## [Aim of the task]
Below this line is a listing that includes pictures. Copy exactly, and only, the lines from the one containing "Так, если в" through the one containing "酒店的大堂、大堂吧及餐厅互连"; the pictures do not go in the copy.

## [Records supplied]
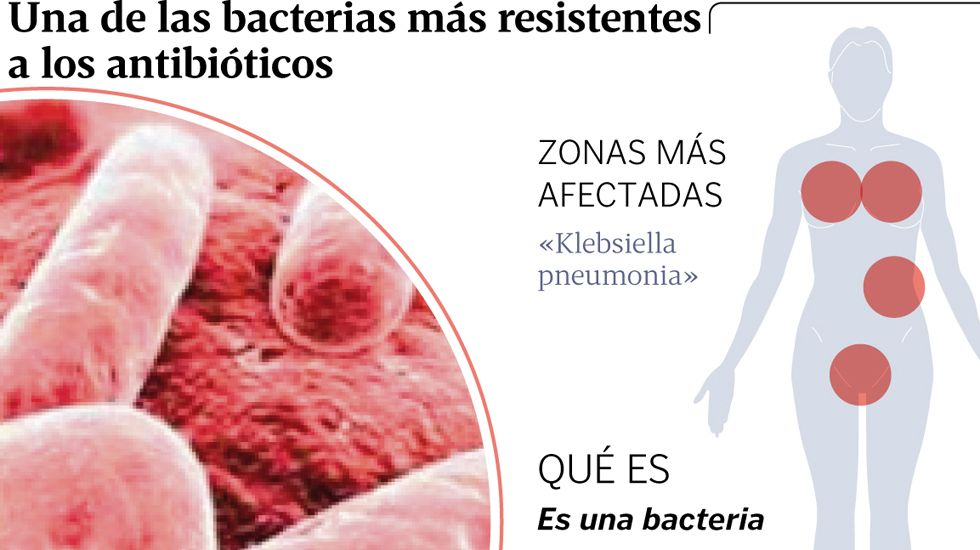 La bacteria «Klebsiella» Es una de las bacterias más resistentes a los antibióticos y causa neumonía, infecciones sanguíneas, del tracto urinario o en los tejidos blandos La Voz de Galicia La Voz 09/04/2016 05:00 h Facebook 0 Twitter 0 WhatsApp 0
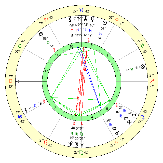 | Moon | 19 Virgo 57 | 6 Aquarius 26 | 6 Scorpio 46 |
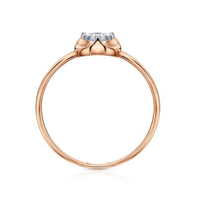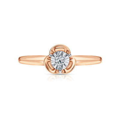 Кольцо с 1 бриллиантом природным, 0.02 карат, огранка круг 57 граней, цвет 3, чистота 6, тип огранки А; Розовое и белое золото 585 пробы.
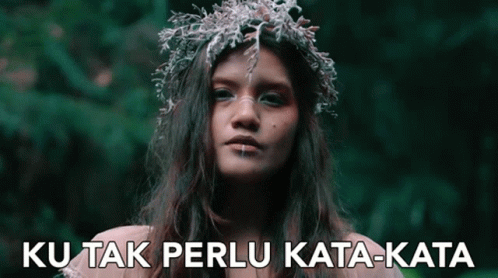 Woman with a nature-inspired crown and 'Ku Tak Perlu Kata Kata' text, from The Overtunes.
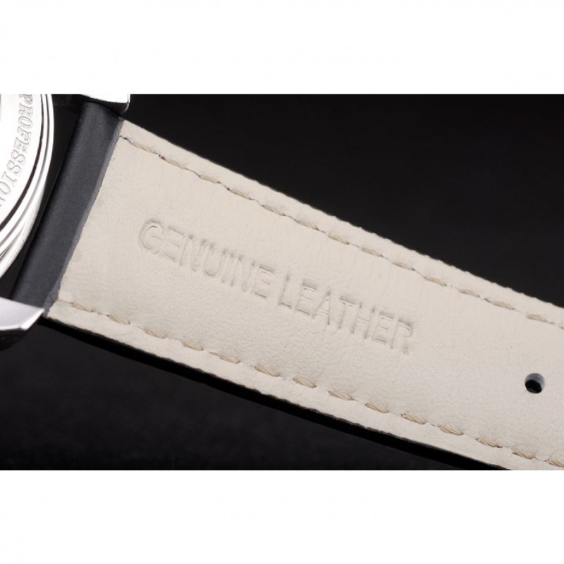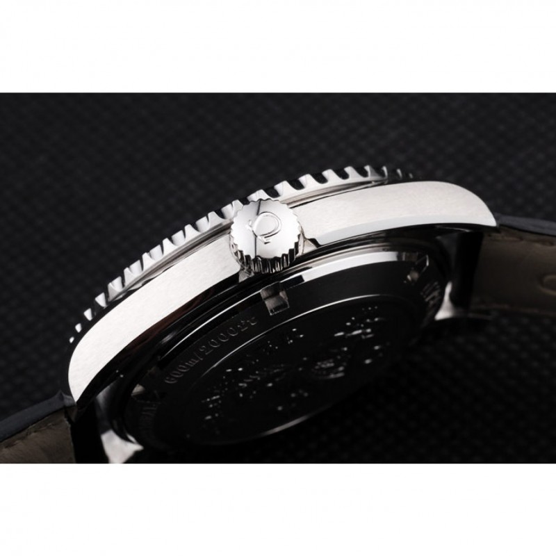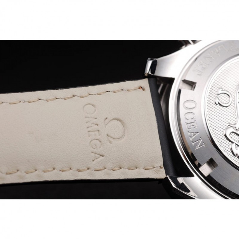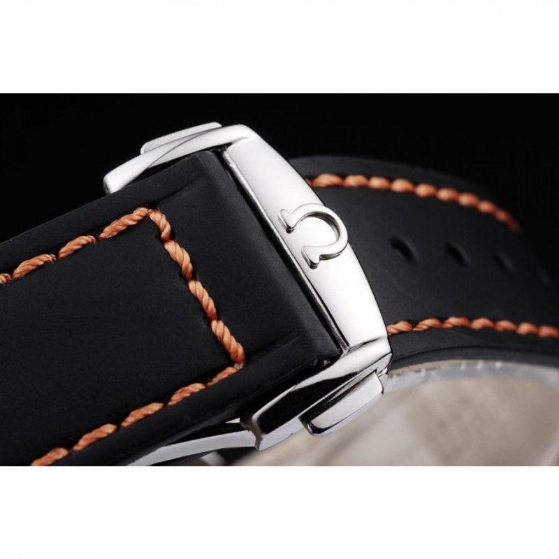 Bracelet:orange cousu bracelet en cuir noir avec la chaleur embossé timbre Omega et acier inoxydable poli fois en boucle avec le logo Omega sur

...

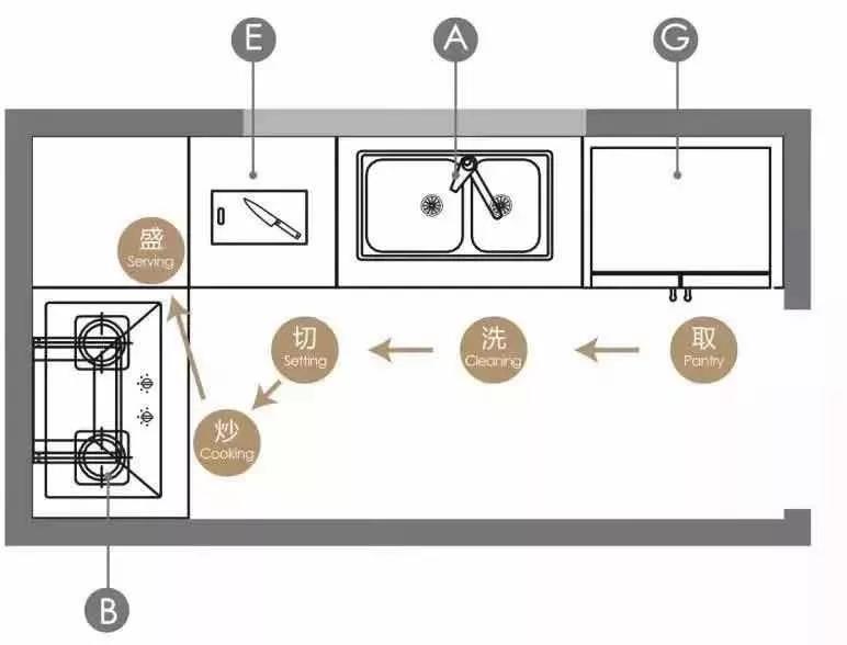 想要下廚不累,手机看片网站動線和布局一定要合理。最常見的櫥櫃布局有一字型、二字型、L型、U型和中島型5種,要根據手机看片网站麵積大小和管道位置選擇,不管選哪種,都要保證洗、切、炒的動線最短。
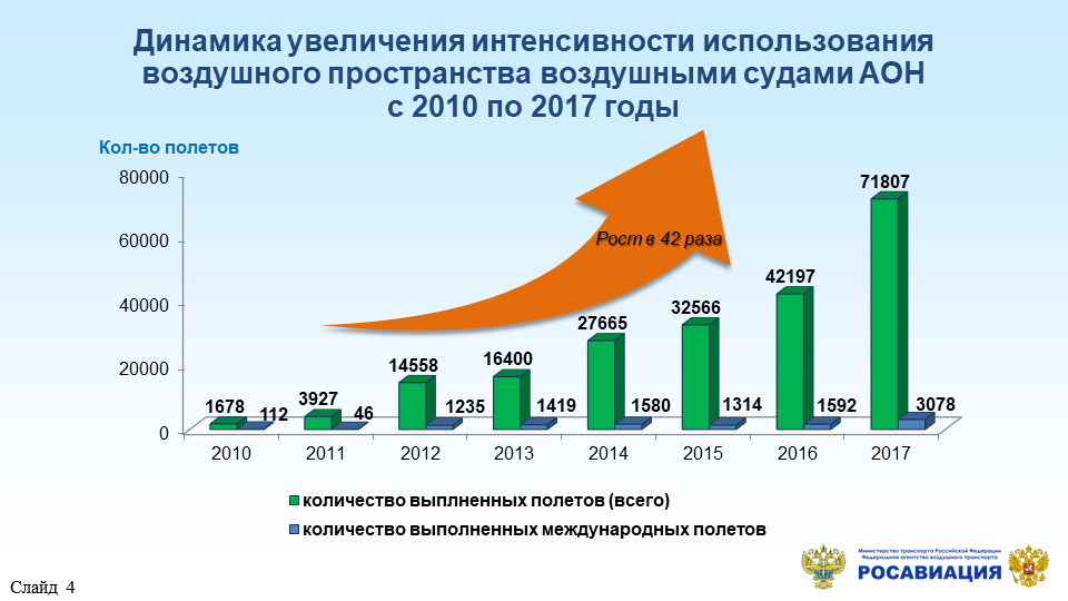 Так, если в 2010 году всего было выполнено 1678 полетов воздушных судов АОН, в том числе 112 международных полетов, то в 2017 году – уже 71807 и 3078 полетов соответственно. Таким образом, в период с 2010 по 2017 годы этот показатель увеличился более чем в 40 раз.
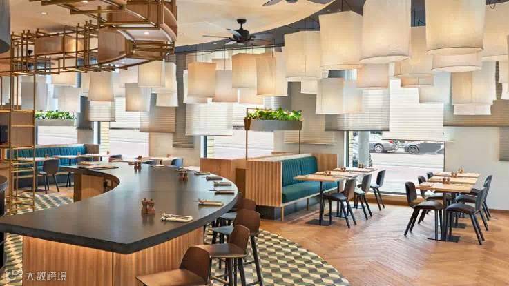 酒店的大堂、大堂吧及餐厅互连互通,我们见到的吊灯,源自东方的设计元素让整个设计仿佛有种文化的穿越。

* * *

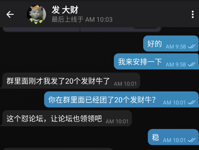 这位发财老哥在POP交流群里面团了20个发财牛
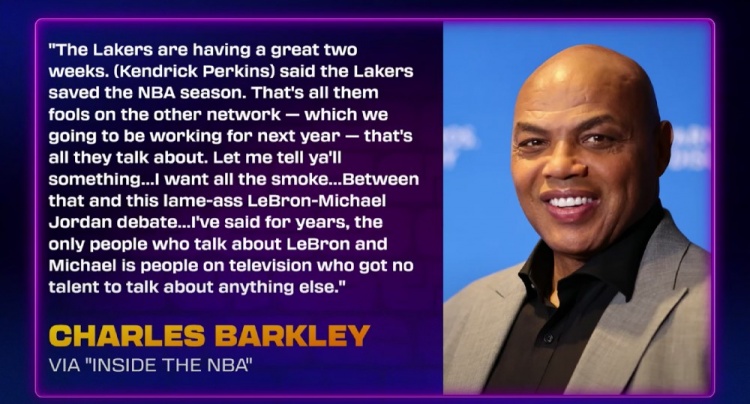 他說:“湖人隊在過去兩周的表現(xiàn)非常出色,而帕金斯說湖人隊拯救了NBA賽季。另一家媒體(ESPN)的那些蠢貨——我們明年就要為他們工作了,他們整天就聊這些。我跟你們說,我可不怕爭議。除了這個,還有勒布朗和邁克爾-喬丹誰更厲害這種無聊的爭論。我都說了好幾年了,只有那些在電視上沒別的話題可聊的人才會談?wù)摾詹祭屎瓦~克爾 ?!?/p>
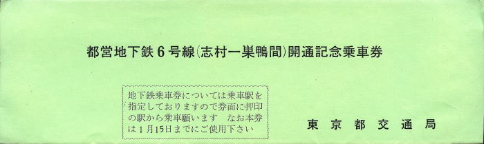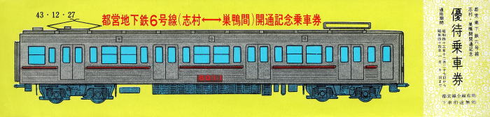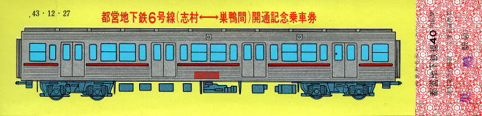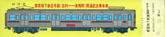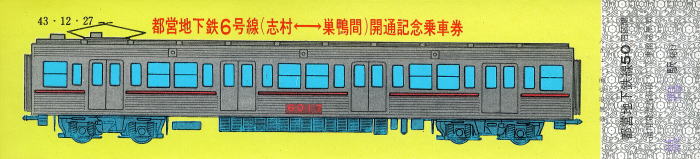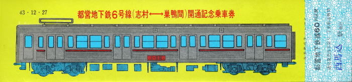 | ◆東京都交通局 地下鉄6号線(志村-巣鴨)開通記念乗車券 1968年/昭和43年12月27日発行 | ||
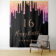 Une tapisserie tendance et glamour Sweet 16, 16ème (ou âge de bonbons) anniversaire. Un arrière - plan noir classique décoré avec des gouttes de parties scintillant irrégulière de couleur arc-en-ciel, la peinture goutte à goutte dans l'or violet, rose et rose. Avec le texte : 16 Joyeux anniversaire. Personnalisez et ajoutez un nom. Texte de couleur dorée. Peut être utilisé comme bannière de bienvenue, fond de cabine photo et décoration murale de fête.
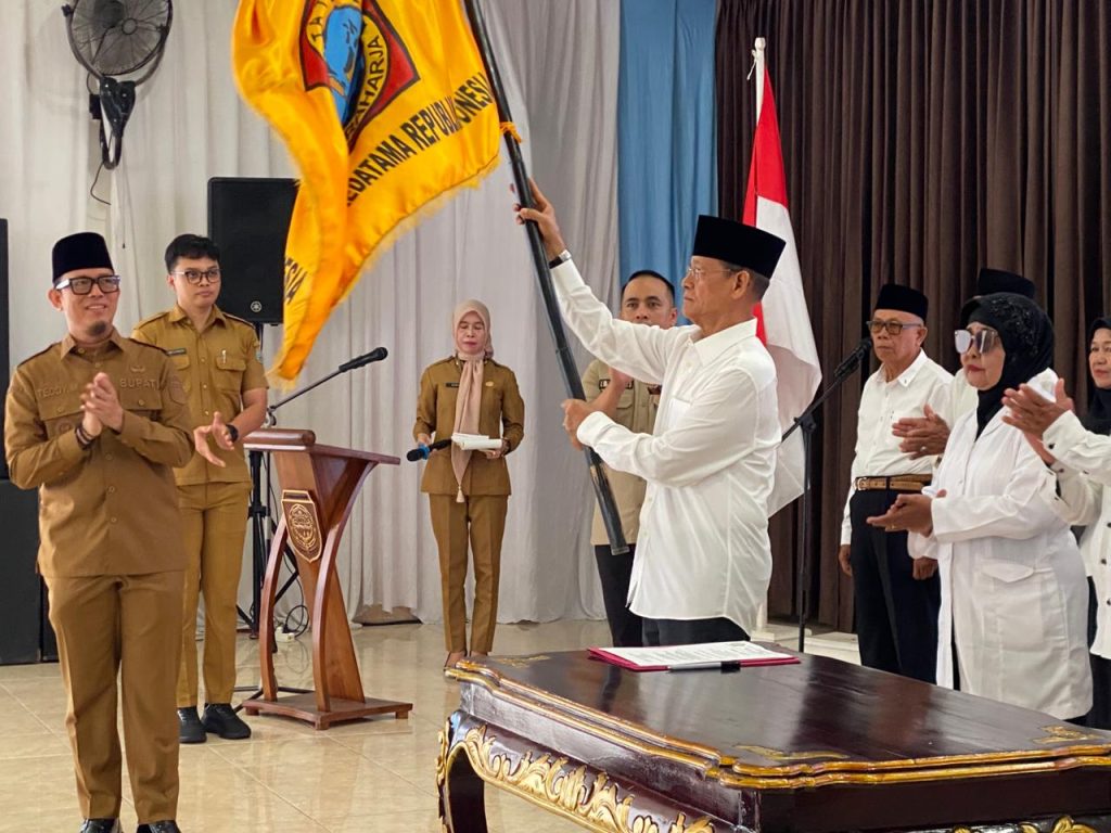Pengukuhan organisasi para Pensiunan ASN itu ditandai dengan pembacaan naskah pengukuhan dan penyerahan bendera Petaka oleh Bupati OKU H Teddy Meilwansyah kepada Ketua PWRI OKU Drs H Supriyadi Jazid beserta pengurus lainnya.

## [Final answer]
 Так, если в 2010 году всего было выполнено 1678 полетов воздушных судов АОН, в том числе 112 международных полетов, то в 2017 году – уже 71807 и 3078 полетов соответственно. Таким образом, в период с 2010 по 2017 годы этот показатель увеличился более чем в 40 раз.
 酒店的大堂、大堂吧及餐厅互连互通,我们见到的吊灯,源自东方的设计元素让整个设计仿佛有种文化的穿越。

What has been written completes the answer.